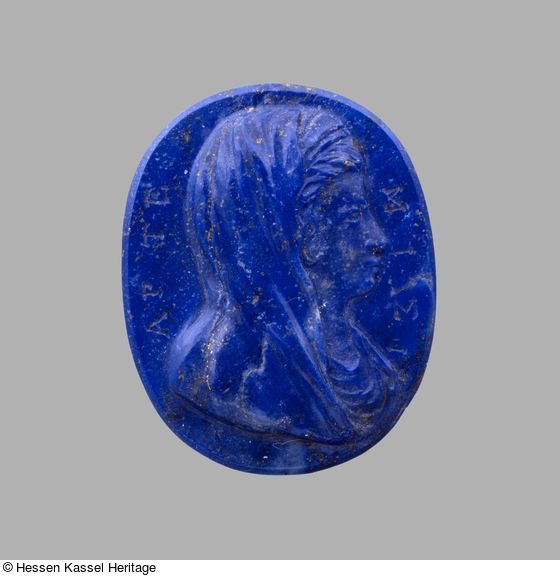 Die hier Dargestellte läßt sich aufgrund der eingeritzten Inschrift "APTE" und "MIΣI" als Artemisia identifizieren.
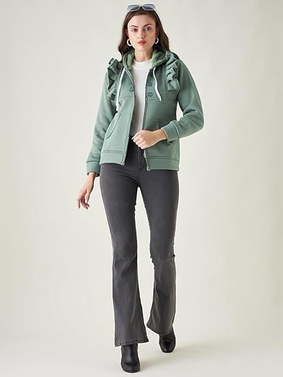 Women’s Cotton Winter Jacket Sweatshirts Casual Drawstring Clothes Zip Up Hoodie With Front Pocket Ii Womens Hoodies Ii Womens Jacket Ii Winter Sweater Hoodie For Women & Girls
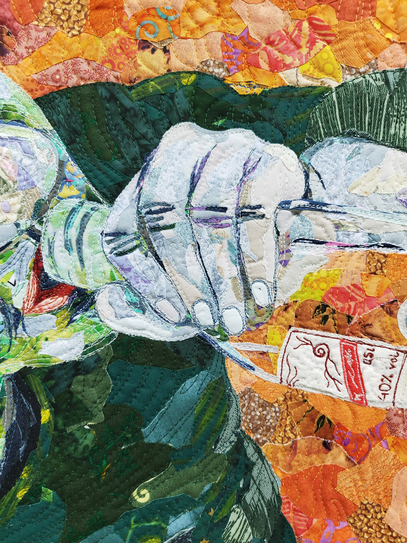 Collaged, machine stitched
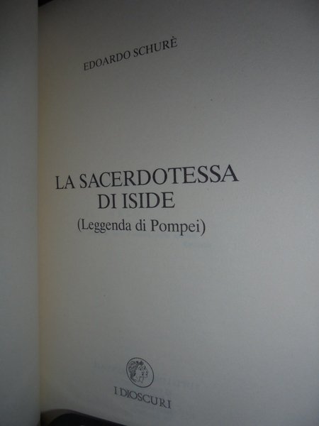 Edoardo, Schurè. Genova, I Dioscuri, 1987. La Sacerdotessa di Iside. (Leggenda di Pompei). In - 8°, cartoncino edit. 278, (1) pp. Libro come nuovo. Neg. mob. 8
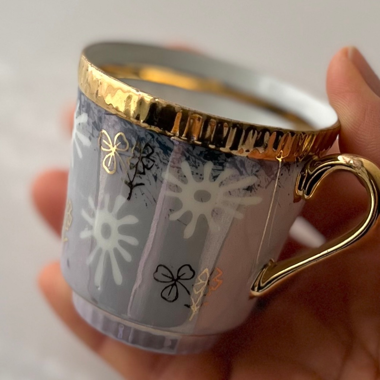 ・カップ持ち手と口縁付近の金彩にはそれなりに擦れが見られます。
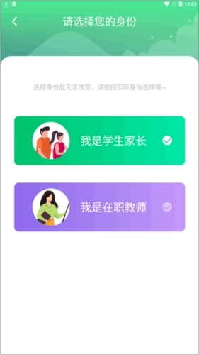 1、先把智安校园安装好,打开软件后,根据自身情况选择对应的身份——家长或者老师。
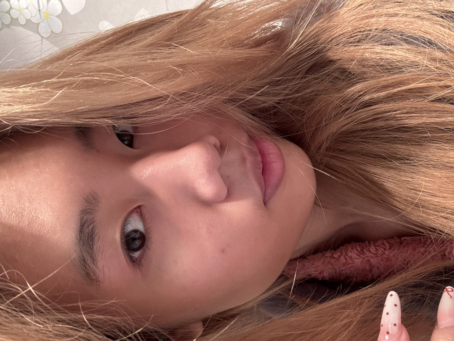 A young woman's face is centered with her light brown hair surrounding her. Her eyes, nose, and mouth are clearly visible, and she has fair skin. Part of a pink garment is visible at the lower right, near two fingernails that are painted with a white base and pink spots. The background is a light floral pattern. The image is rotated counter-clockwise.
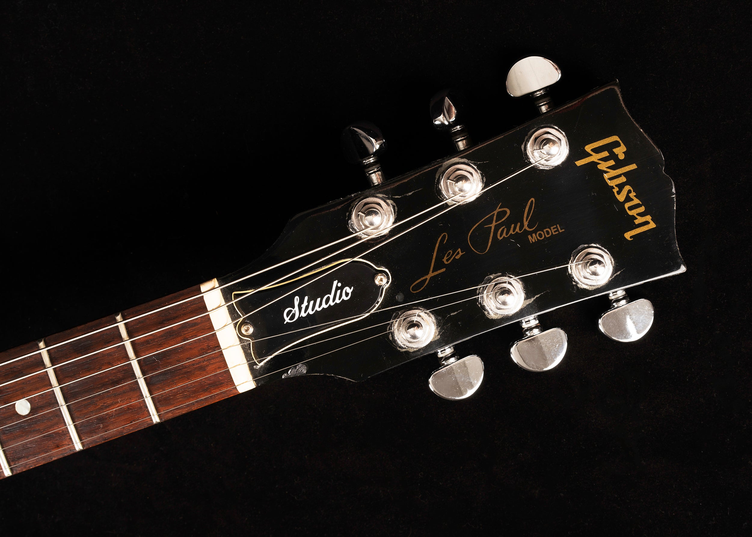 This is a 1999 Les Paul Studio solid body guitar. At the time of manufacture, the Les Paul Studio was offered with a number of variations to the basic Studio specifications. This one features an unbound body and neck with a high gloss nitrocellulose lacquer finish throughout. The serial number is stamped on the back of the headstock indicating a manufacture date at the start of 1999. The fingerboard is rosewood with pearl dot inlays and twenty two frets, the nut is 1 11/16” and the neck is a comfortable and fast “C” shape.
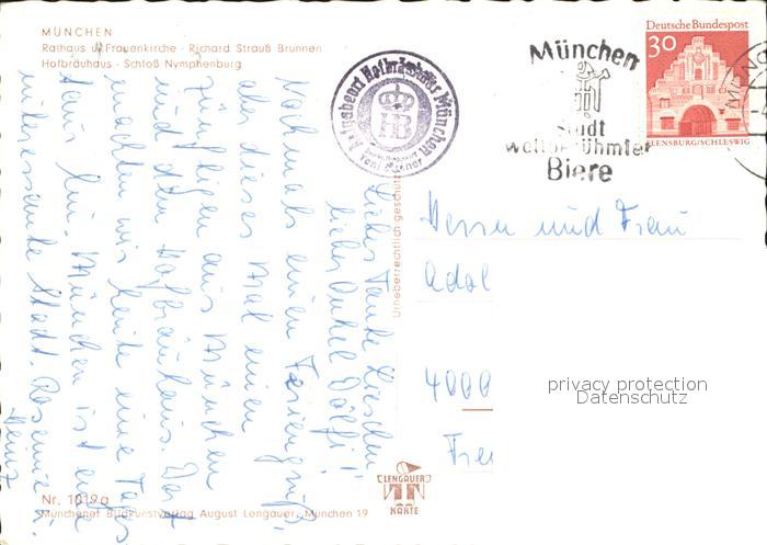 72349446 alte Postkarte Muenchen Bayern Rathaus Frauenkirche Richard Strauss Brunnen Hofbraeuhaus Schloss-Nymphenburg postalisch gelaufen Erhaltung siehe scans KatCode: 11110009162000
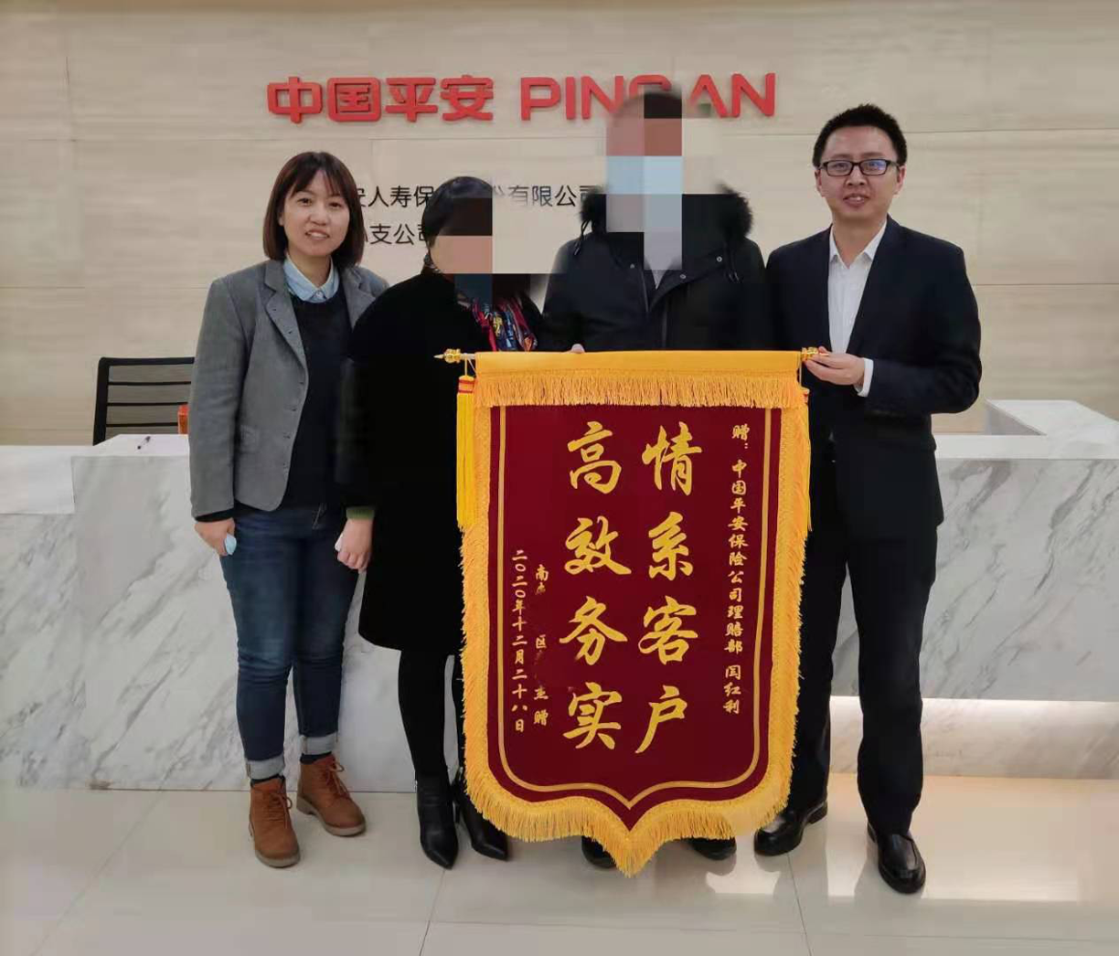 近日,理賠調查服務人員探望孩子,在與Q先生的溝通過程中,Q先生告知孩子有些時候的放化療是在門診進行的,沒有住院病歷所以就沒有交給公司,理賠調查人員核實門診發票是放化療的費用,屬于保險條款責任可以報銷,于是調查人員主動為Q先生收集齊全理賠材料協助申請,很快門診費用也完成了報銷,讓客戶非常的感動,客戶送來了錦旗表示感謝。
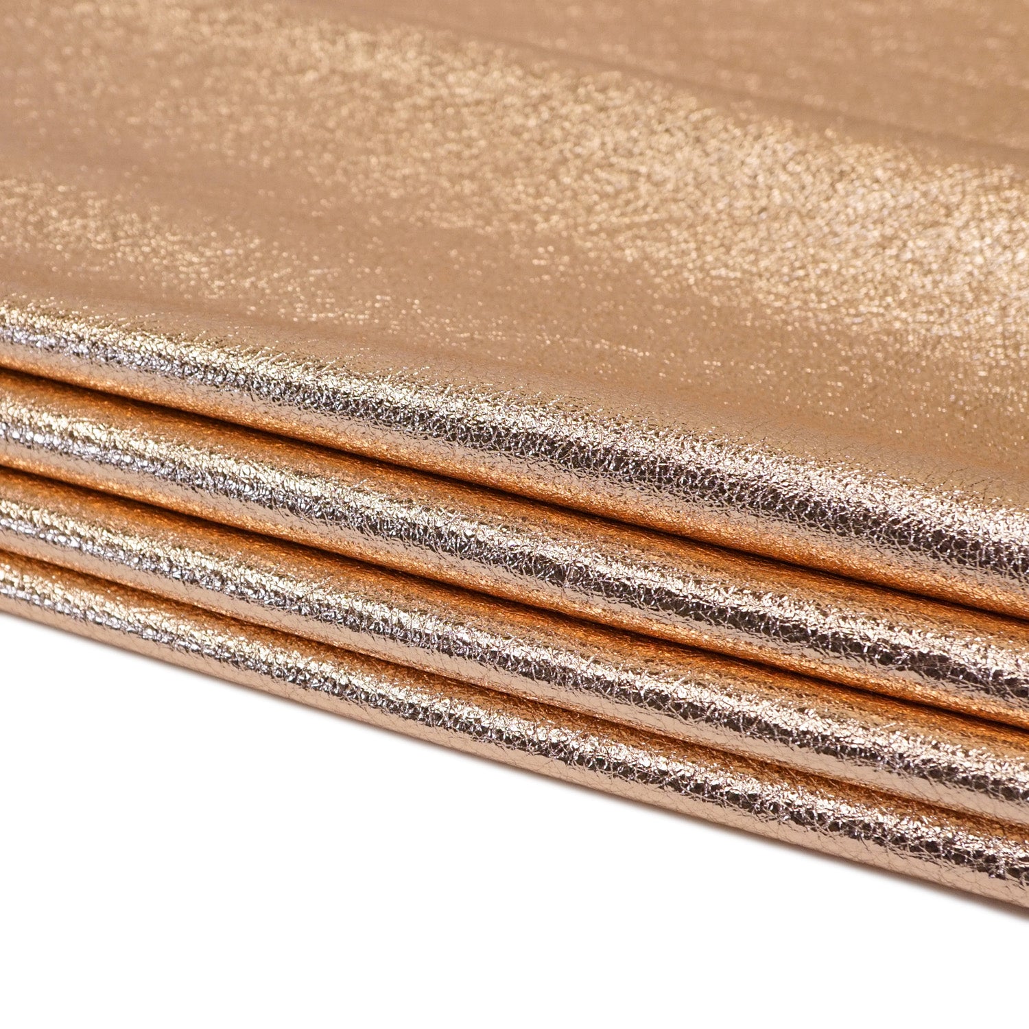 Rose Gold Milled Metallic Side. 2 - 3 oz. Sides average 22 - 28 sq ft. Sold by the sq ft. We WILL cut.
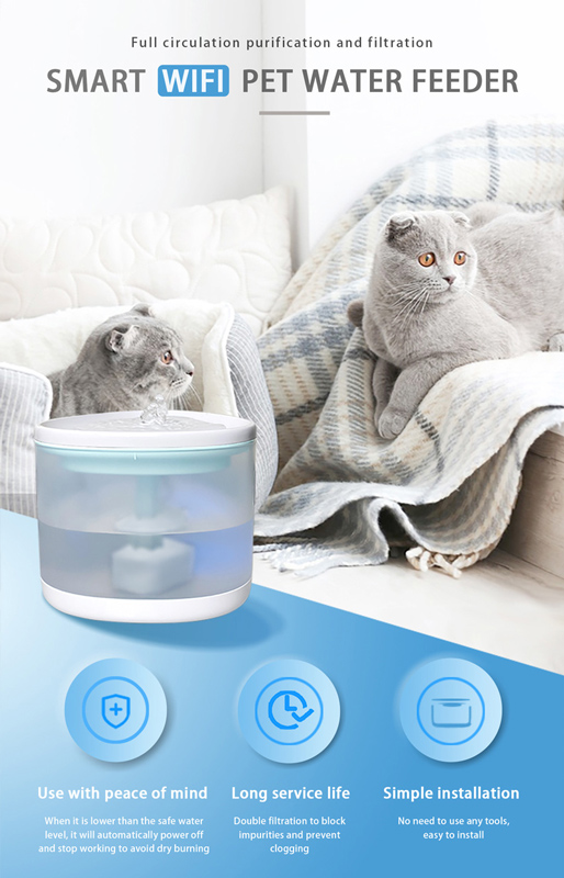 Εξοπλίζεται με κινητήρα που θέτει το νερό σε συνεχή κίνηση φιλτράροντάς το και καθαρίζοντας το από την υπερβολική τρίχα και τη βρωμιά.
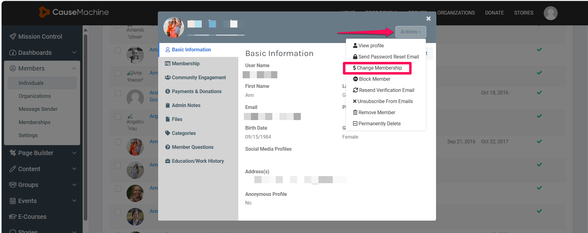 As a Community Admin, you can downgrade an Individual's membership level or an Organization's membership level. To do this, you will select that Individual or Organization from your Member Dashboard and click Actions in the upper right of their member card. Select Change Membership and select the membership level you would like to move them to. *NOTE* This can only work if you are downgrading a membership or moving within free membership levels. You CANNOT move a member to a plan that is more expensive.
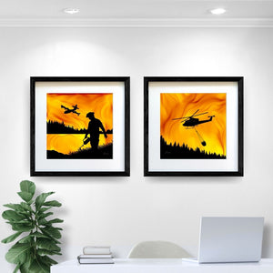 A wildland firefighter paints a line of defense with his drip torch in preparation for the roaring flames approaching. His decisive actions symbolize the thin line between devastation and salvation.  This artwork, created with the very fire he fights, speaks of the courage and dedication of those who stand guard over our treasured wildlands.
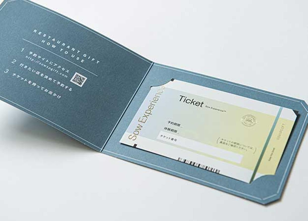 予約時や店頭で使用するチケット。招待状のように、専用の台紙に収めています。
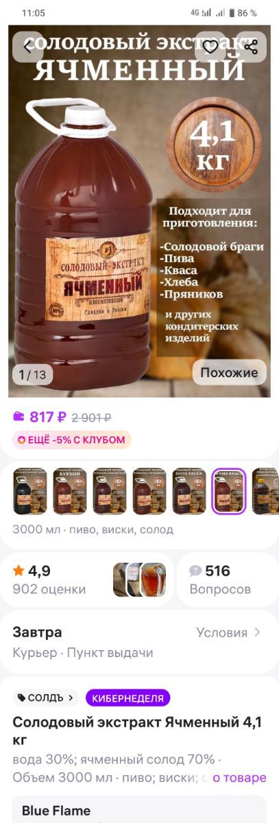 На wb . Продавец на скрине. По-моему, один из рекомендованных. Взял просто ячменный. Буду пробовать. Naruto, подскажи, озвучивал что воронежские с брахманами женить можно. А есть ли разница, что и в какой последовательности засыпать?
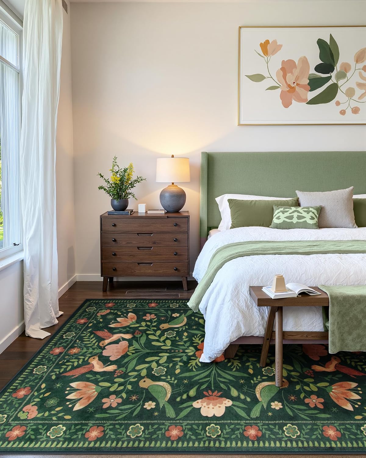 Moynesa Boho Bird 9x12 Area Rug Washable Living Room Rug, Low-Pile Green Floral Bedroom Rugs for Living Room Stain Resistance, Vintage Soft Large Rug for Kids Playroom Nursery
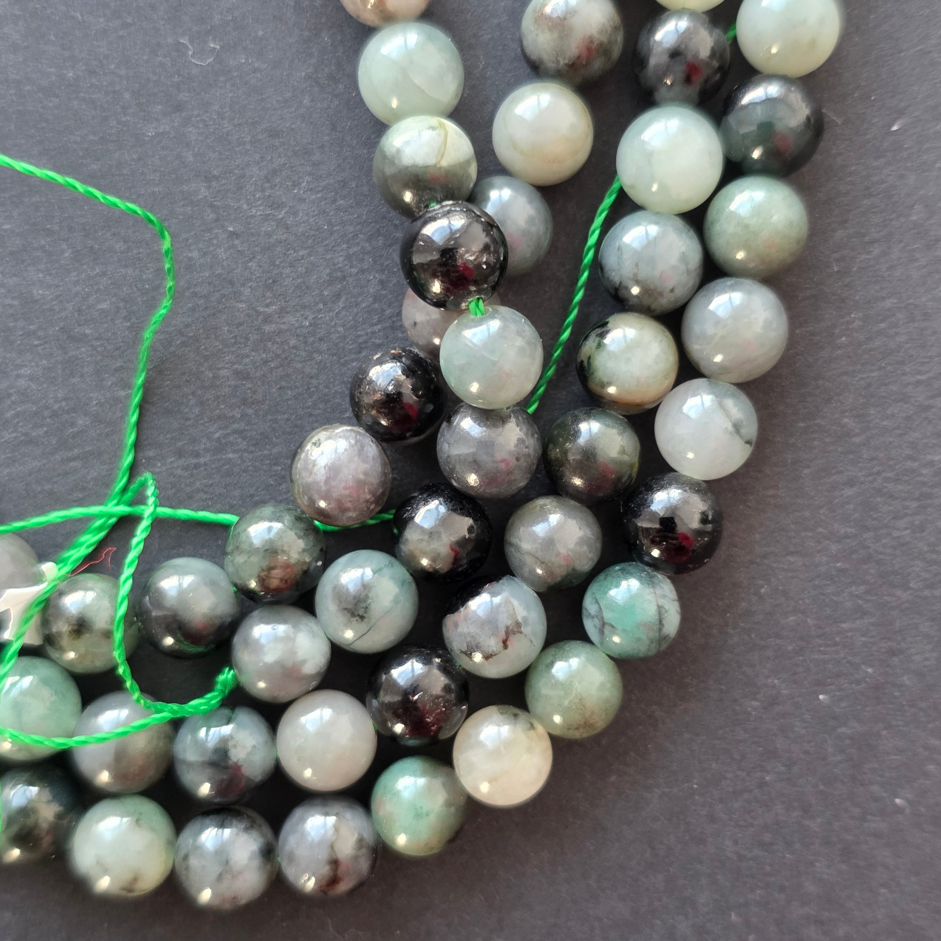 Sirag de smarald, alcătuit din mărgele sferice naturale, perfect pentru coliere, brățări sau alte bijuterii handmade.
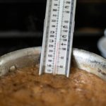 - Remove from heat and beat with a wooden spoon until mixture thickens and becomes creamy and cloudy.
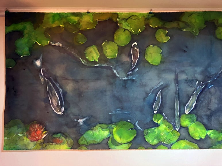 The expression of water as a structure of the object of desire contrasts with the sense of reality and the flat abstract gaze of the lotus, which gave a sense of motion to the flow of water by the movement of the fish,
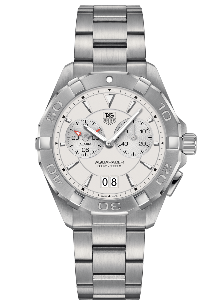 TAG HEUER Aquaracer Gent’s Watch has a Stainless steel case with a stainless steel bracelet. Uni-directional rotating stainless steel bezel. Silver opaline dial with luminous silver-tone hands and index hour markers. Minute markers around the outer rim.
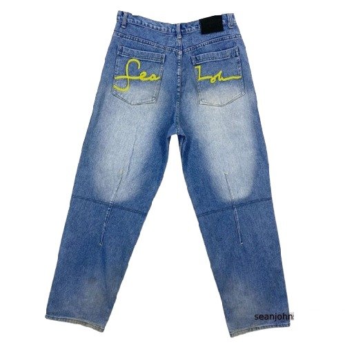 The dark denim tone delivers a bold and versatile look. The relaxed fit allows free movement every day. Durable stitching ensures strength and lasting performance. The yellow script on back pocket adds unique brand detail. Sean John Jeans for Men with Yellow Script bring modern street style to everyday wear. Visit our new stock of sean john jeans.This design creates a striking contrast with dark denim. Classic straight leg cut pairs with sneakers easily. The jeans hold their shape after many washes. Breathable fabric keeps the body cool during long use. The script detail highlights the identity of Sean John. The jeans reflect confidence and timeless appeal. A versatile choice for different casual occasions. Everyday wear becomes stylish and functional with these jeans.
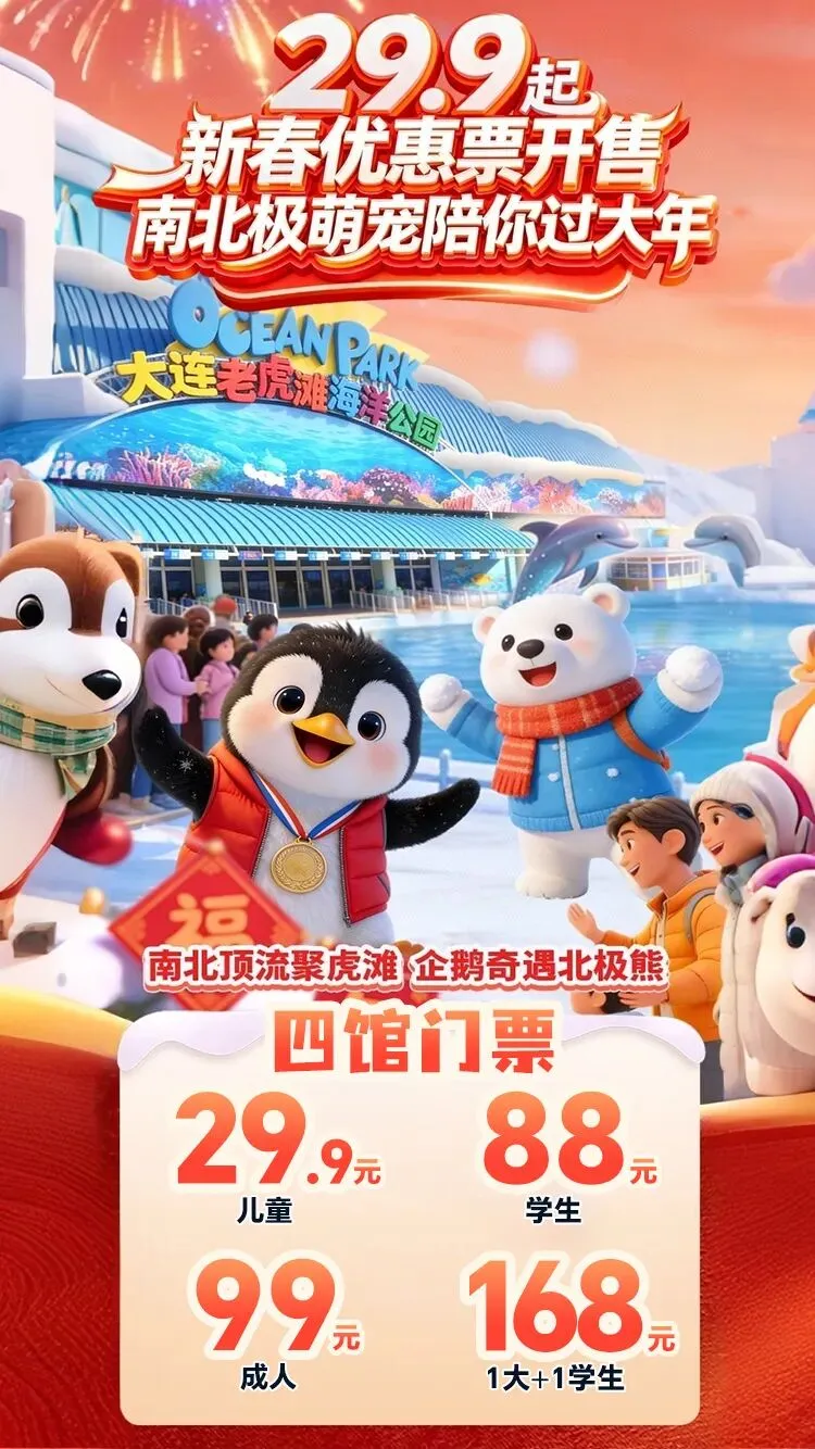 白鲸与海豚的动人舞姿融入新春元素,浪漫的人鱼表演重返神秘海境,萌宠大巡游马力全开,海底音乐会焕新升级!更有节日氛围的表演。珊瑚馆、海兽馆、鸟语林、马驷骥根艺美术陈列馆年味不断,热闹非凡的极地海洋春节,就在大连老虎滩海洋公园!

------------

Only the lines above starting with the line with "Εξοπλίζεται με κινητήρα" and going on through the line with "予約時や店頭で使用するチケット。招待状のように、専用の台紙に収めています。" belong in the answer; repeat them exactly, minus any picture.

 Εξοπλίζεται με κινητήρα που θέτει το νερό σε συνεχή κίνηση φιλτράροντάς το και καθαρίζοντας το από την υπερβολική τρίχα και τη βρωμιά.
 As a Community Admin, you can downgrade an Individual's membership level or an Organization's membership level. To do this, you will select that Individual or Organization from your Member Dashboard and click Actions in the upper right of their member card. Select Change Membership and select the membership level you would like to move them to. *NOTE* This can only work if you are downgrading a membership or moving within free membership levels. You CANNOT move a member to a plan that is more expensive.
 A wildland firefighter paints a line of defense with his drip torch in preparation for the roaring flames approaching. His decisive actions symbolize the thin line between devastation and salvation.  This artwork, created with the very fire he fights, speaks of the courage and dedication of those who stand guard over our treasured wildlands.
 予約時や店頭で使用するチケット。招待状のように、専用の台紙に収めています。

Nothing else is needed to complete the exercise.